-- TASK DETAILS --
In the material below, begin at the line that has "All leather zip", stop after the line that has "- Crystals Drop", and transcribe those lines exactly, without pictures.

-- INFORMATION SUPPLIED --
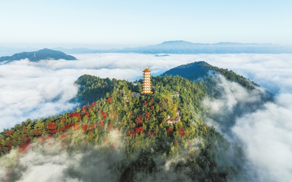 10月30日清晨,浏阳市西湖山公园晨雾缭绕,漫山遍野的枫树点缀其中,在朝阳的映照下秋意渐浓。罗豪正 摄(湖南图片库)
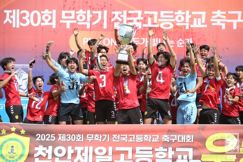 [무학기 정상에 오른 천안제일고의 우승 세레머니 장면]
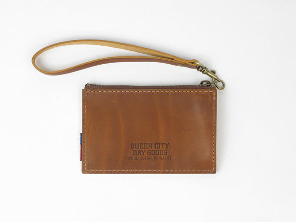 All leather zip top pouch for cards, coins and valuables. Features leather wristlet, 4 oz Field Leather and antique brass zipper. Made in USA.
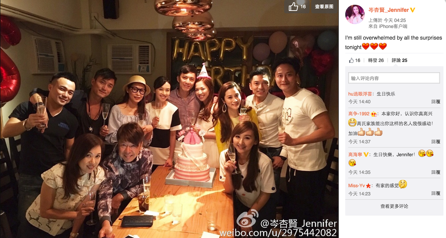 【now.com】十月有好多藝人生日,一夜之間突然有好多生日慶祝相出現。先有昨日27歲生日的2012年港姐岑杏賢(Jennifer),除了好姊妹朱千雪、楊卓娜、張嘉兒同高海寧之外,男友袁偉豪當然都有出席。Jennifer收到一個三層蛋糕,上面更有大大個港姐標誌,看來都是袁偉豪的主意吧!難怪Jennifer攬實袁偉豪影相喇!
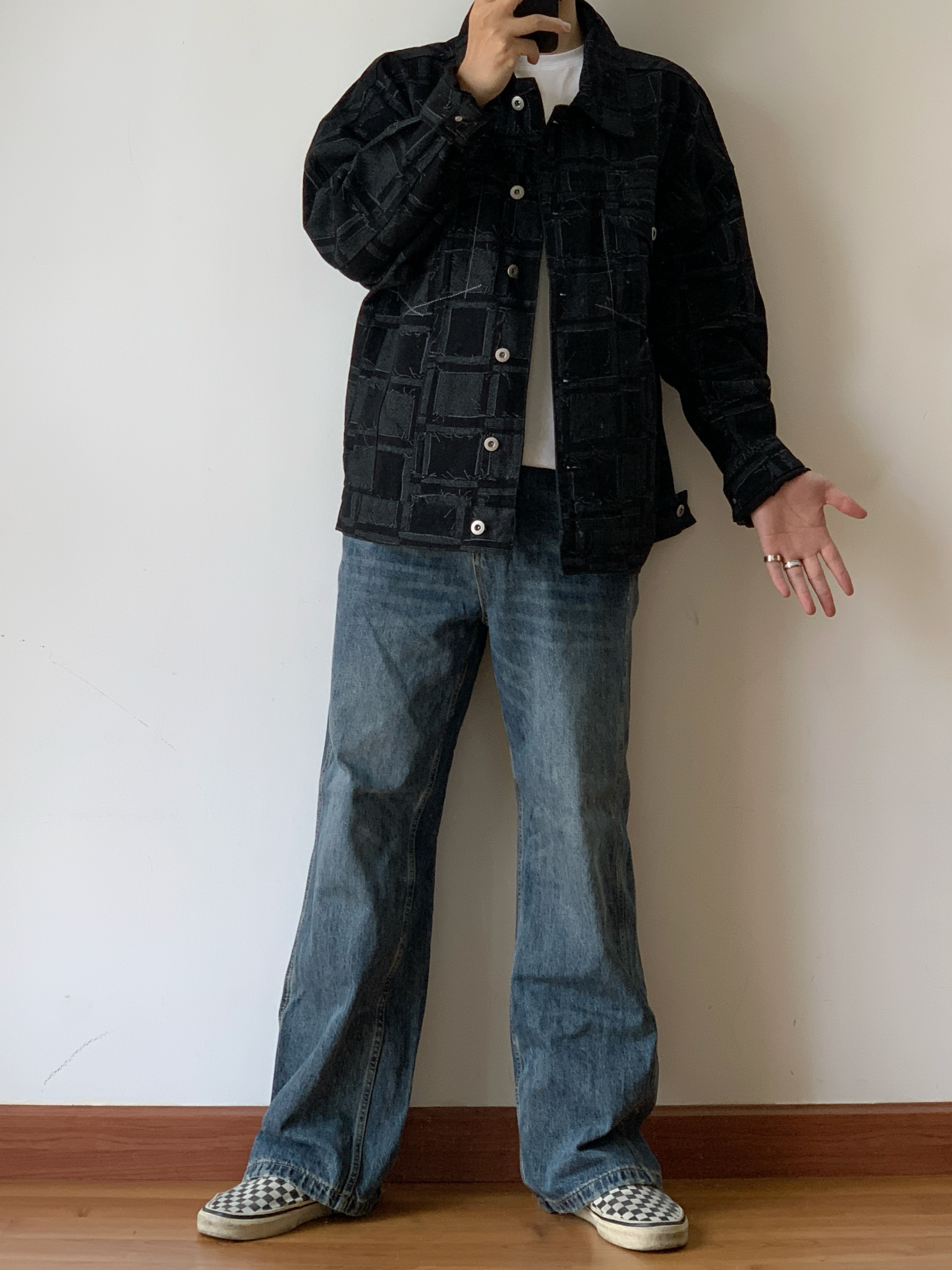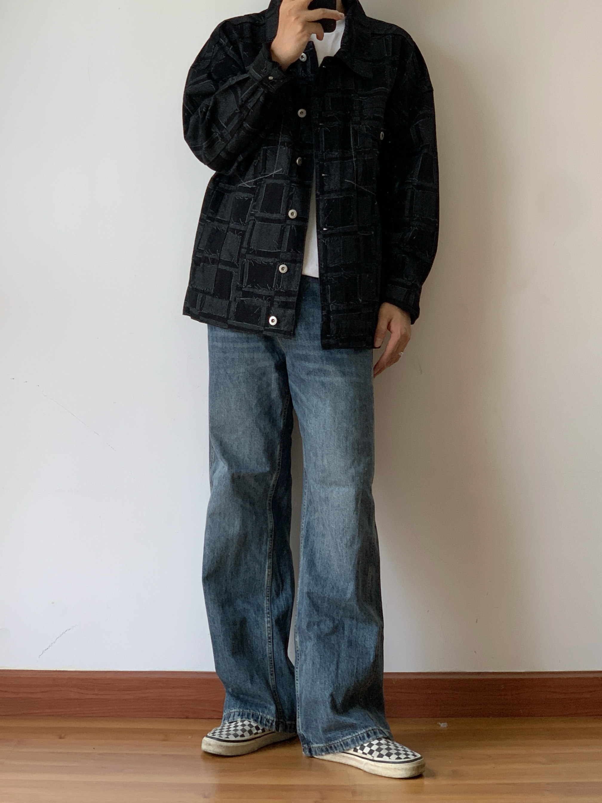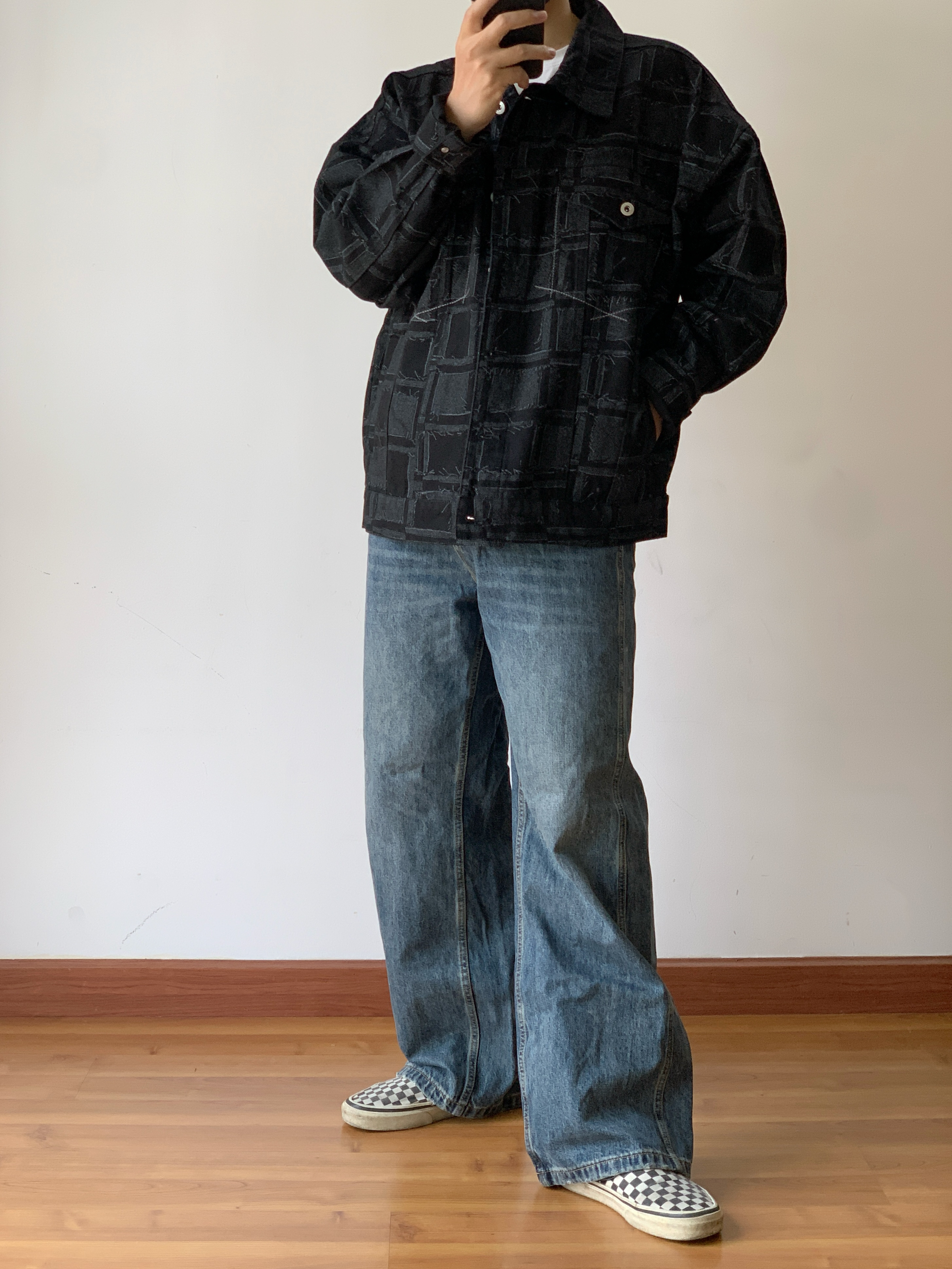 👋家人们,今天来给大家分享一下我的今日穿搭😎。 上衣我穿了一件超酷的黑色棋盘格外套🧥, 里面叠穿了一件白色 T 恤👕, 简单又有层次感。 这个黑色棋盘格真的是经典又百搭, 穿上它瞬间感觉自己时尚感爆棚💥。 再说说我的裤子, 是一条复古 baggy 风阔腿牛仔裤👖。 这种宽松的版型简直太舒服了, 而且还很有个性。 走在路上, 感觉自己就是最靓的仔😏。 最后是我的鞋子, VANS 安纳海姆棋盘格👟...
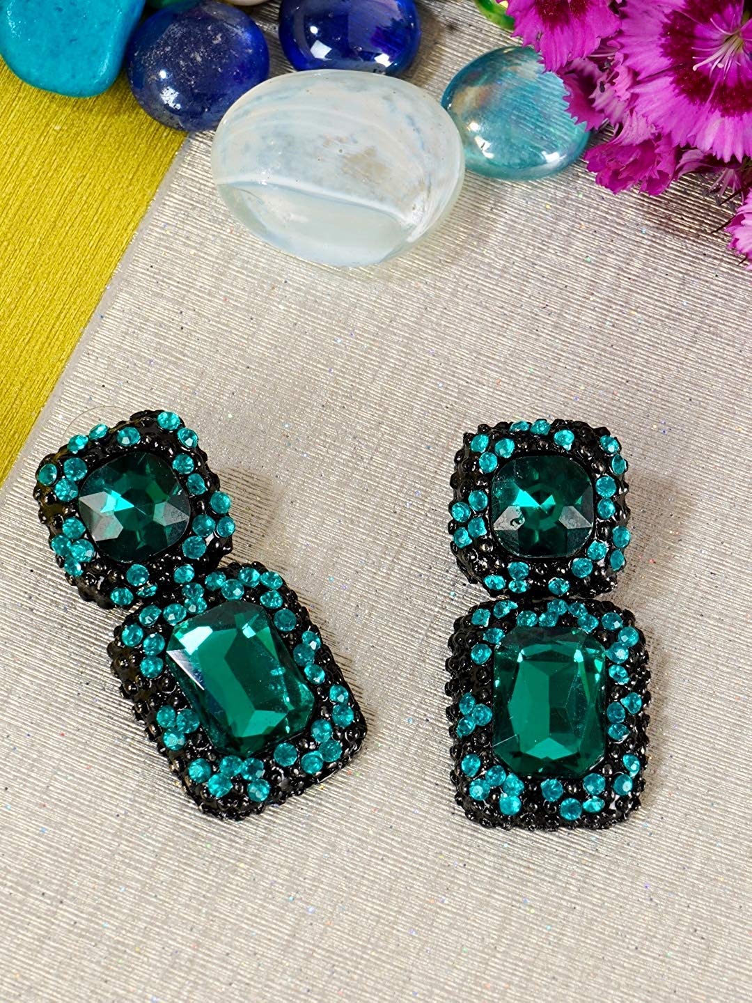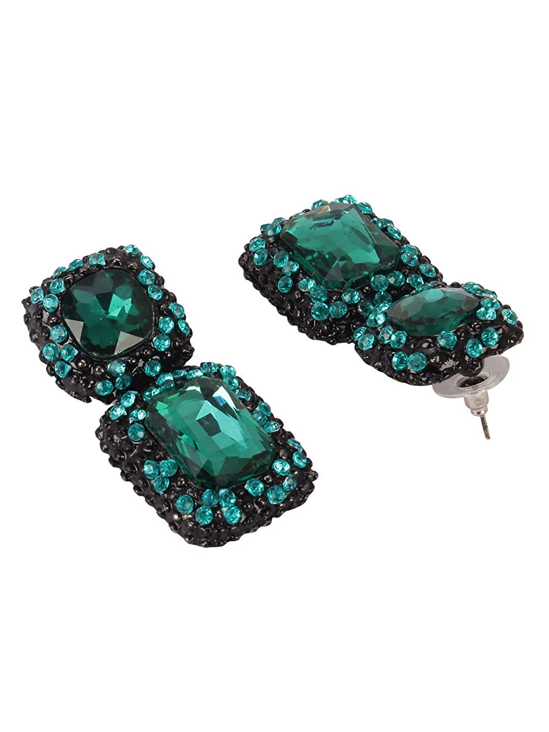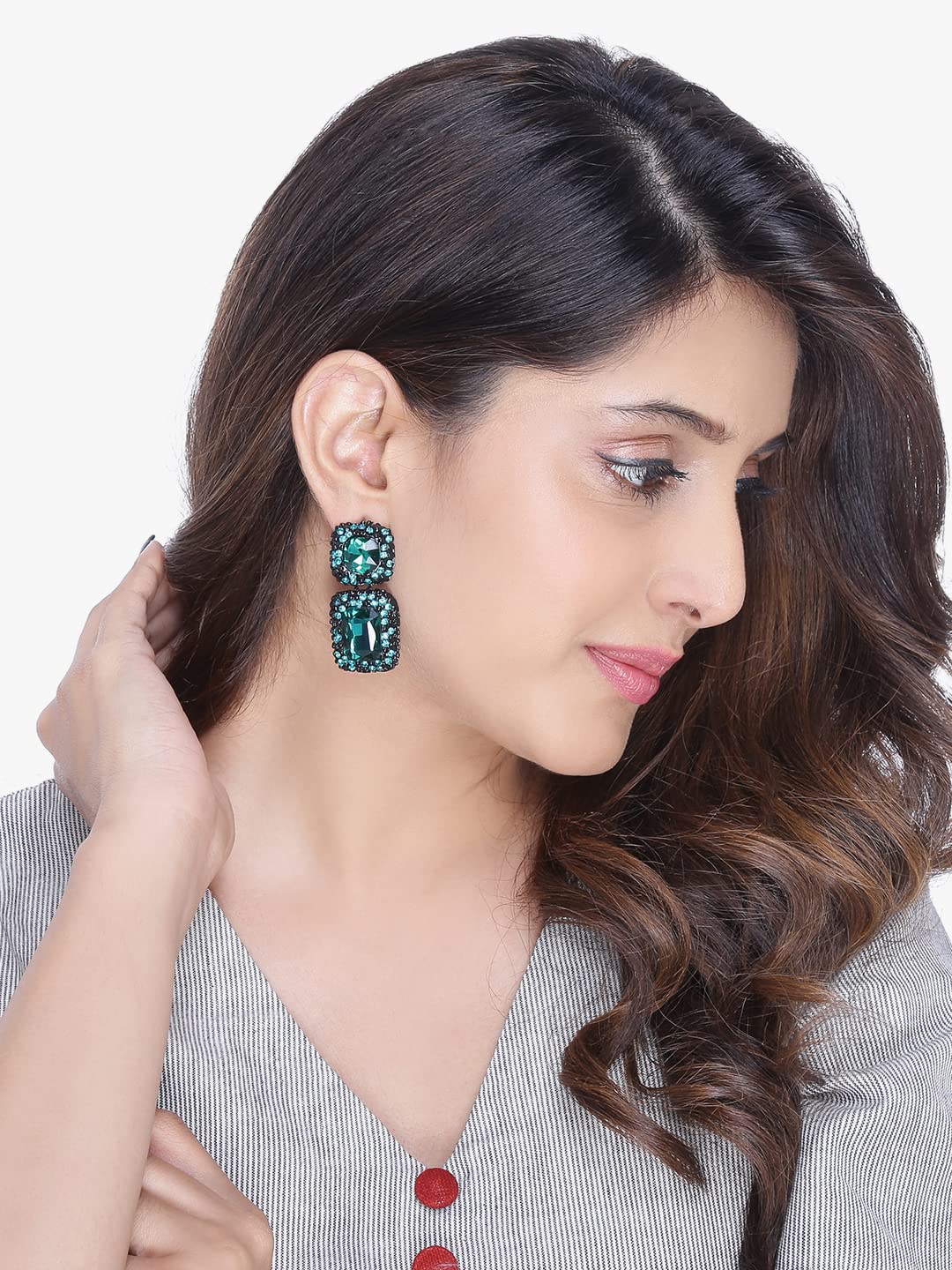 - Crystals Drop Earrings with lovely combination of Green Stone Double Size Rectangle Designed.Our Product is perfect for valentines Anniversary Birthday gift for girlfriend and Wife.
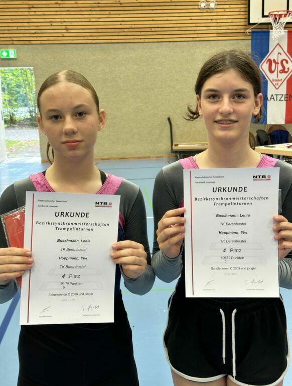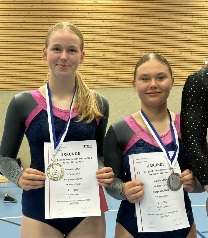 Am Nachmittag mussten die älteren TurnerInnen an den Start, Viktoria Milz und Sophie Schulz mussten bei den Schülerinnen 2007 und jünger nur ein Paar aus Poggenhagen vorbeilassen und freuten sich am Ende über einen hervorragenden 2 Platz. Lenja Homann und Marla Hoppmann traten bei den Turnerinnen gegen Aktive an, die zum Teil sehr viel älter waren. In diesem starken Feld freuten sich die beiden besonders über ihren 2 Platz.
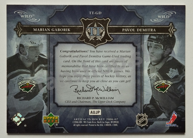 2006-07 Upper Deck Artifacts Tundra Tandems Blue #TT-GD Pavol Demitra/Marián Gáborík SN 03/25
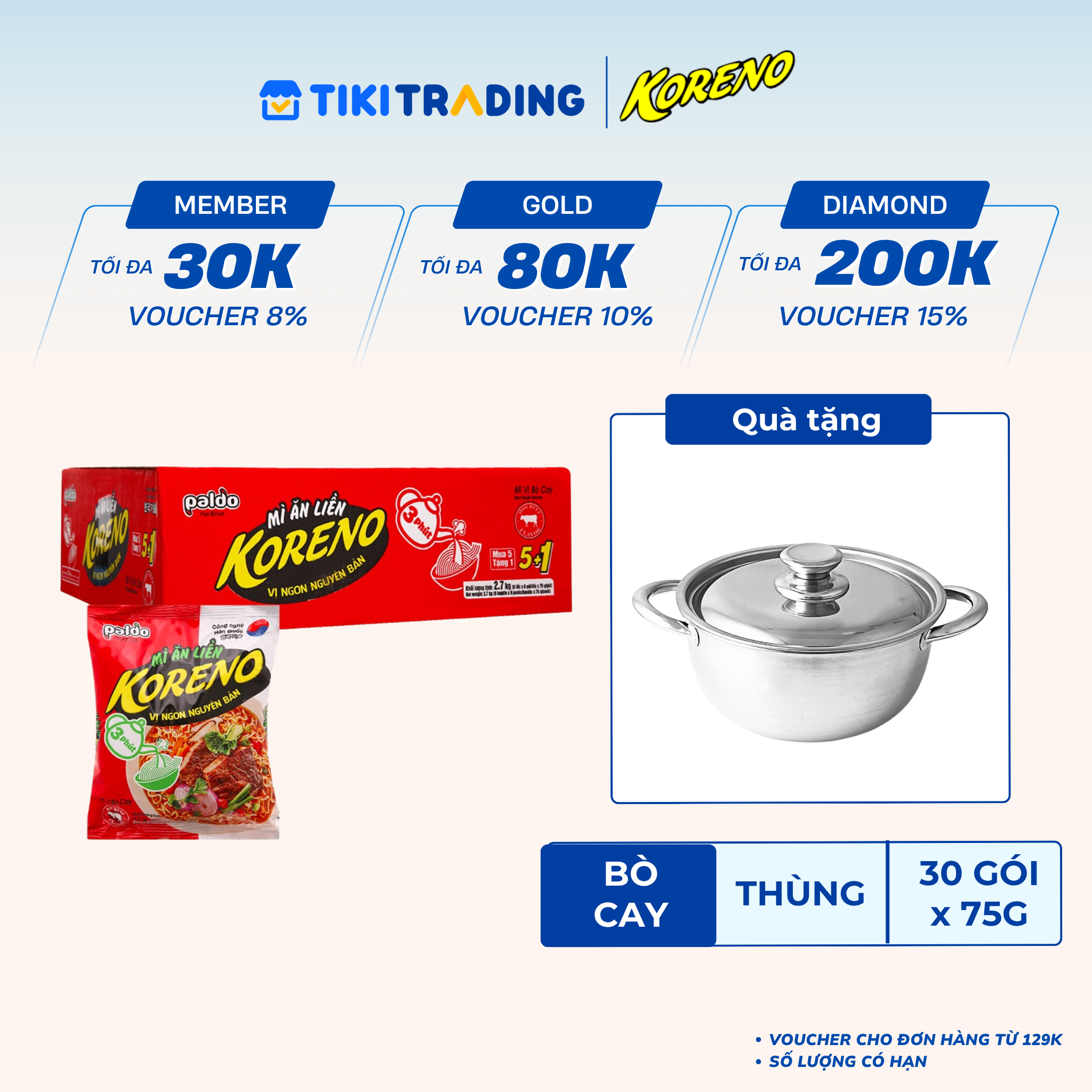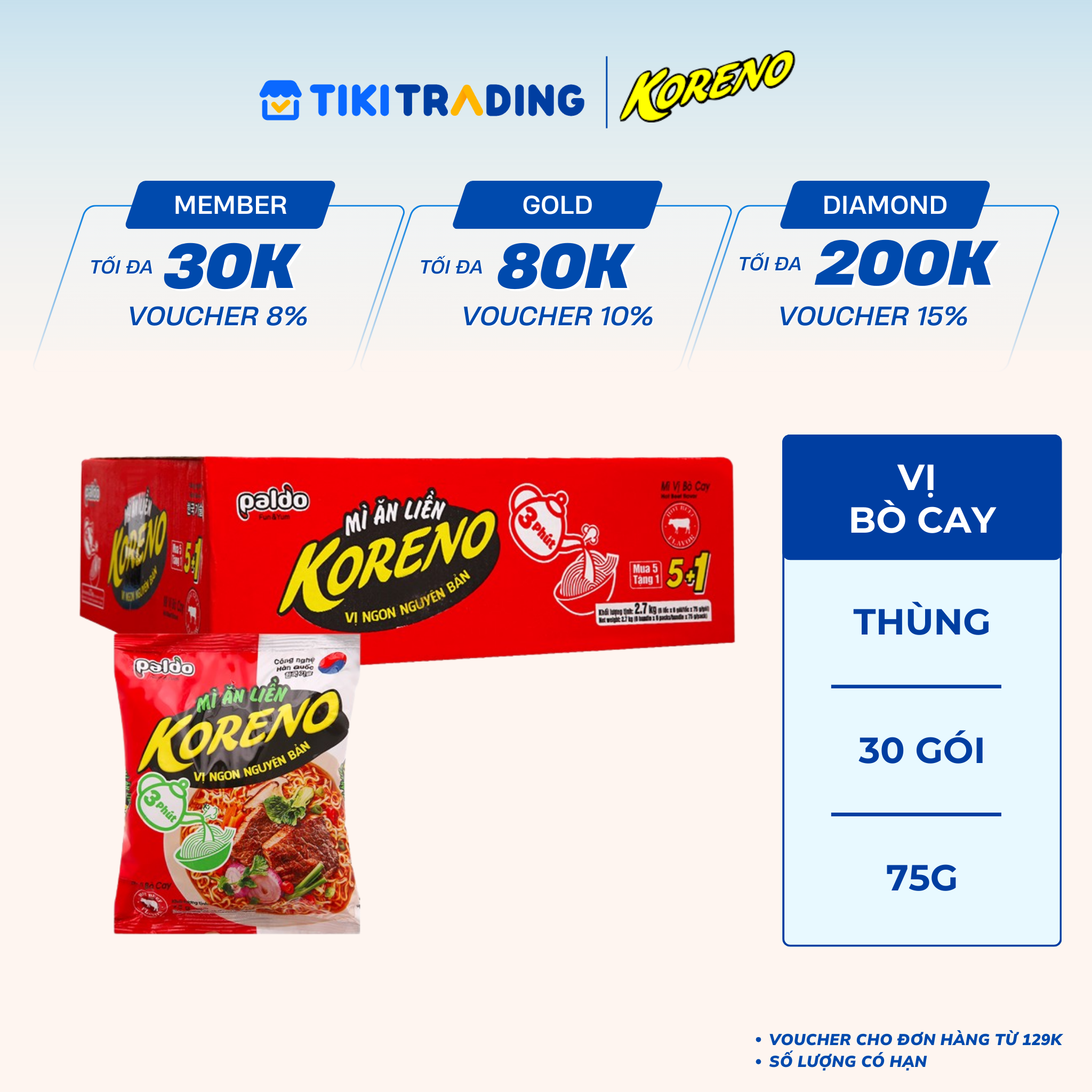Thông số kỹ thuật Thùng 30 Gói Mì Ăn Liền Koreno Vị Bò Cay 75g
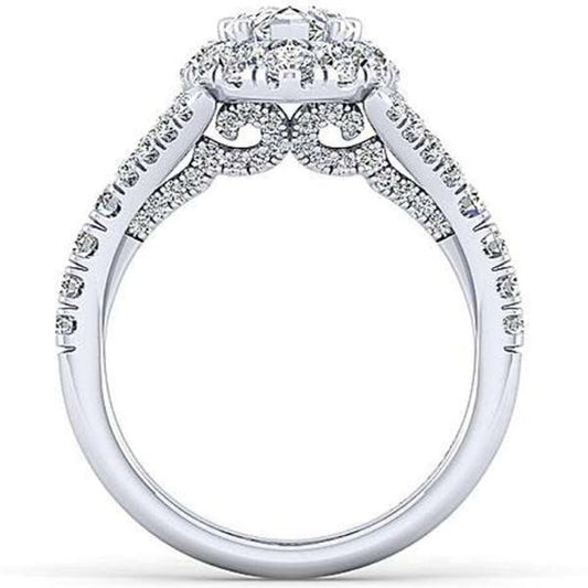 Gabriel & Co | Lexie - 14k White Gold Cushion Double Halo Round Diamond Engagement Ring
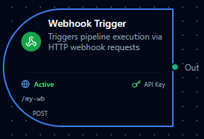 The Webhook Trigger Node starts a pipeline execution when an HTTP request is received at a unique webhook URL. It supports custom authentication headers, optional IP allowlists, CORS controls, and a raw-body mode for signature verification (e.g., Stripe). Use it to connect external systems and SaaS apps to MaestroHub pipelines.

-- RESPONSE --
 All leather zip top pouch for cards, coins and valuables. Features leather wristlet, 4 oz Field Leather and antique brass zipper. Made in USA.
 【now.com】十月有好多藝人生日,一夜之間突然有好多生日慶祝相出現。先有昨日27歲生日的2012年港姐岑杏賢(Jennifer),除了好姊妹朱千雪、楊卓娜、張嘉兒同高海寧之外,男友袁偉豪當然都有出席。Jennifer收到一個三層蛋糕,上面更有大大個港姐標誌,看來都是袁偉豪的主意吧!難怪Jennifer攬實袁偉豪影相喇!
 👋家人们,今天来给大家分享一下我的今日穿搭😎。 上衣我穿了一件超酷的黑色棋盘格外套🧥, 里面叠穿了一件白色 T 恤👕, 简单又有层次感。 这个黑色棋盘格真的是经典又百搭, 穿上它瞬间感觉自己时尚感爆棚💥。 再说说我的裤子, 是一条复古 baggy 风阔腿牛仔裤👖。 这种宽松的版型简直太舒服了, 而且还很有个性。 走在路上, 感觉自己就是最靓的仔😏。 最后是我的鞋子, VANS 安纳海姆棋盘格👟...
 - Crystals Drop Earrings with lovely combination of Green Stone Double Size Rectangle Designed.Our Product is perfect for valentines Anniversary Birthday gift for girlfriend and Wife.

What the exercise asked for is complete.